§ **Task to carry out**
The complete listing goes into the output exactly, without its pictures.

§ **Data extract**

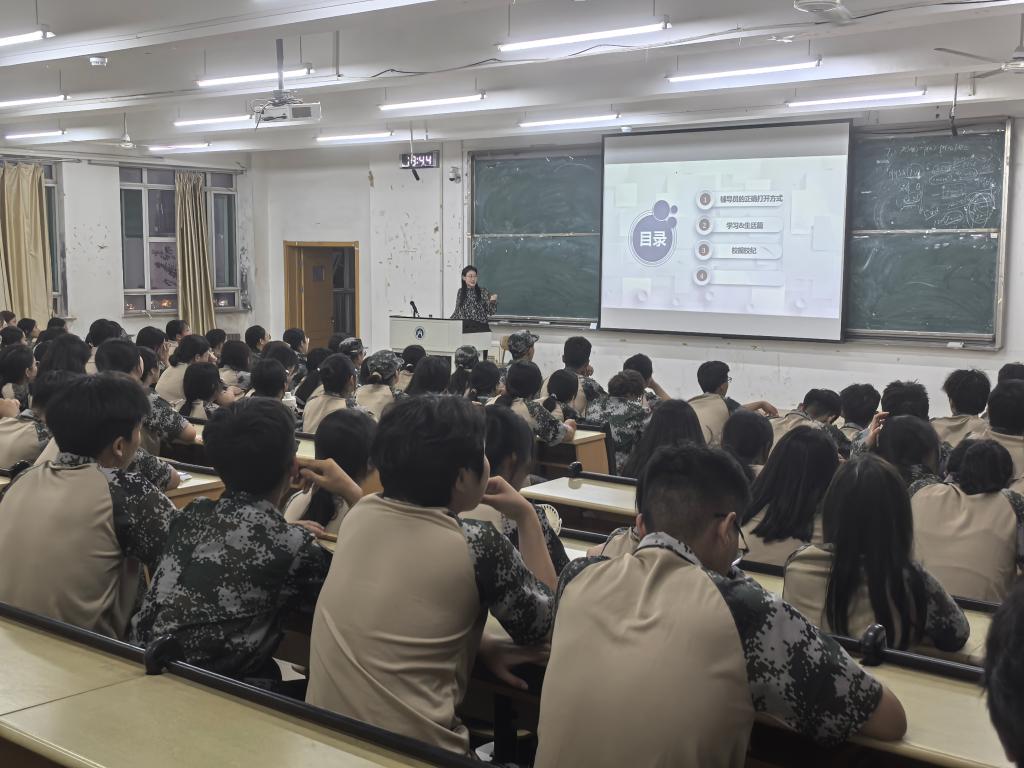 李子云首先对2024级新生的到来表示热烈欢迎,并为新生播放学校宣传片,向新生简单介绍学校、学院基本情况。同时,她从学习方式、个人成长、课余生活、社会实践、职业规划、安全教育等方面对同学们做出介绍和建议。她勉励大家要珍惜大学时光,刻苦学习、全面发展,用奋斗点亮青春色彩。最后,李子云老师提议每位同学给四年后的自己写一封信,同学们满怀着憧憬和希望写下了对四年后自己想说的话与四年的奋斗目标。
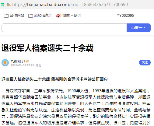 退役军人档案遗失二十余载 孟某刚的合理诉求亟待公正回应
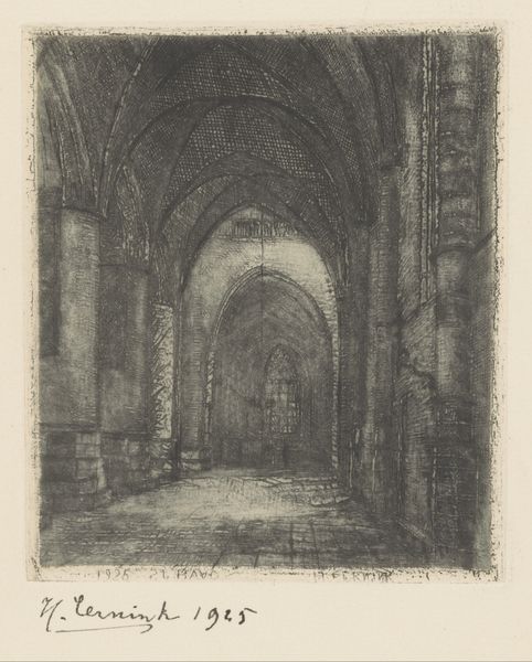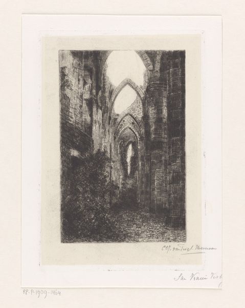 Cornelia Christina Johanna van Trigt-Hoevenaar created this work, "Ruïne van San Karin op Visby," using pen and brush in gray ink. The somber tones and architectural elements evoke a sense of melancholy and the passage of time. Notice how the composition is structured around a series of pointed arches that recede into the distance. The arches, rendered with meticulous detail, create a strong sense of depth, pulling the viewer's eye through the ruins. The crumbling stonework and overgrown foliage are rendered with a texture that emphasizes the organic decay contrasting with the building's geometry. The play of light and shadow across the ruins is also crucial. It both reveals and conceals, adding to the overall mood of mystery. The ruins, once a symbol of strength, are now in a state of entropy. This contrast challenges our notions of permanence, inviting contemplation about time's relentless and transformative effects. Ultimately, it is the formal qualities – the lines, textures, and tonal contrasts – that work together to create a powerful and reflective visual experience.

§ **Solution to the exercise**
 李子云首先对2024级新生的到来表示热烈欢迎,并为新生播放学校宣传片,向新生简单介绍学校、学院基本情况。同时,她从学习方式、个人成长、课余生活、社会实践、职业规划、安全教育等方面对同学们做出介绍和建议。她勉励大家要珍惜大学时光,刻苦学习、全面发展,用奋斗点亮青春色彩。最后,李子云老师提议每位同学给四年后的自己写一封信,同学们满怀着憧憬和希望写下了对四年后自己想说的话与四年的奋斗目标。
 退役军人档案遗失二十余载 孟某刚的合理诉求亟待公正回应
 Cornelia Christina Johanna van Trigt-Hoevenaar created this work, "Ruïne van San Karin op Visby," using pen and brush in gray ink. The somber tones and architectural elements evoke a sense of melancholy and the passage of time. Notice how the composition is structured around a series of pointed arches that recede into the distance. The arches, rendered with meticulous detail, create a strong sense of depth, pulling the viewer's eye through the ruins. The crumbling stonework and overgrown foliage are rendered with a texture that emphasizes the organic decay contrasting with the building's geometry. The play of light and shadow across the ruins is also crucial. It both reveals and conceals, adding to the overall mood of mystery. The ruins, once a symbol of strength, are now in a state of entropy. This contrast challenges our notions of permanence, inviting contemplation about time's relentless and transformative effects. Ultimately, it is the formal qualities – the lines, textures, and tonal contrasts – that work together to create a powerful and reflective visual experience.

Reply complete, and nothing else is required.